Volume forces are neglected in comparison to the load and the internal forces. Finally the Principle of Virtual Work writes:

$$ -\int{\kern-6pt}\int{\kern-6pt}\int_{V}\sigma_{ij}\varepsilon_{ij}^{*}\, dV + \int{\kern-6pt}\int_{S_{V}}T_{i}u^{*}_{i}\, dS = 0 \label{eq:VWP2} $$

(4)

Virtual Fields Method in Elasticity

In elasticity, assuming that the material is isotropic, Young’s modulus and Poisson’s ratio can be identified by using two different virtual fields. The two following fields were used in this work:

$$ \left\{ \begin{array}{lll} u_{1}^{*(1)} & = & 0 \\[6pt] u_{2}^{*(1)} & = & x_{2} \end{array} \right. \label{eq:VFelast1} $$

(5)

$$ \left\{ \begin{array}{lll} u_{1}^{*(2)} & = & x_{2}(x_{2}-L)x_{1}\\[6pt] u_{2}^{*(2)} & = & 0 \end{array} \right. \label{eq:VFelast2} $$

(6)

where L is the length of the field of view (Fig. 1). It is assumed that the specimen is in a plane-stress state, so the first integral can be factorised by the thickness e with S the area of interest. By using equations (5) and (6) into equation (4) the Principle of Virtual Work can be written as a set of equations.

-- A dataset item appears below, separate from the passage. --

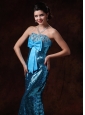 I can find no words that is suitable enough for me to describe my feeling of this dress. The dress is so sassy and stunning that I am sure you will be eye-catching at your party. This shining prom dress features a heavily beaded sweetheart neckline and the whole dress is adorned with carefully placed and fashionable sequins. The lovely bowknot in the middle of the bust and the small train adds more beauty and grace to the dress. Don't hesitate to take it home!

$$ \left\{ \begin{array}{lll} {\kern-12pt}&-&e\dfrac{E}{1-\nu^{2}}\displaystyle\int{\kern-6pt}\int_{S}\varepsilon_{22}\, dS - e\dfrac{\nu E}{1- \nu^{2}}\int \int_{S}\varepsilon_{11}\, dS \\[13pt] &&{\kern12pt}+ \displaystyle\int{\kern-6pt}\int_{S_{V}}x_{2}T_{2}\, dS = 0 \\[13pt] {\kern-12pt} &-&e\dfrac{E}{1-\nu^{2}}\displaystyle\int{\kern-6pt}\int_{S}x_{2}(x_{2}-L)\varepsilon_{11}\, dS \\[13pt] && {\kern12pt}- e\dfrac{\nu E}{1-\nu^{2}}\displaystyle\int{\kern-6pt}\int_{S}x_{2}(x_{2}-L)\varepsilon_{22}\, dS \\[13pt] {\kern-12pt} &-&e\dfrac{E}{2(1+\nu)} \displaystyle\int{\kern-6pt}\int_{S}(2x_{2}-L)x_{1}\varepsilon_{12}\, dS \\[13pt] &&{\kern12pt}+ \displaystyle\int{\kern-6pt}\int_{S_{V}}x_{2}(x_{2}-L)x_{1}T_{1}\, dS = 0 \end{array} \right. \label{eq:PVWelast1} $$

(7)

In the case of uniaxial loading, the integration of T ₂ over the cross-section of the specimen is equal to F, the value of the external loading measured during the test, and the boundaries of the area of interest are of coordinates x ₂ = 0 and x ₂ = L. T ₁ being unknown, the second field has been chosen in order to nullify the second integral. It results the following values for the traction vector integrals (equation(8)).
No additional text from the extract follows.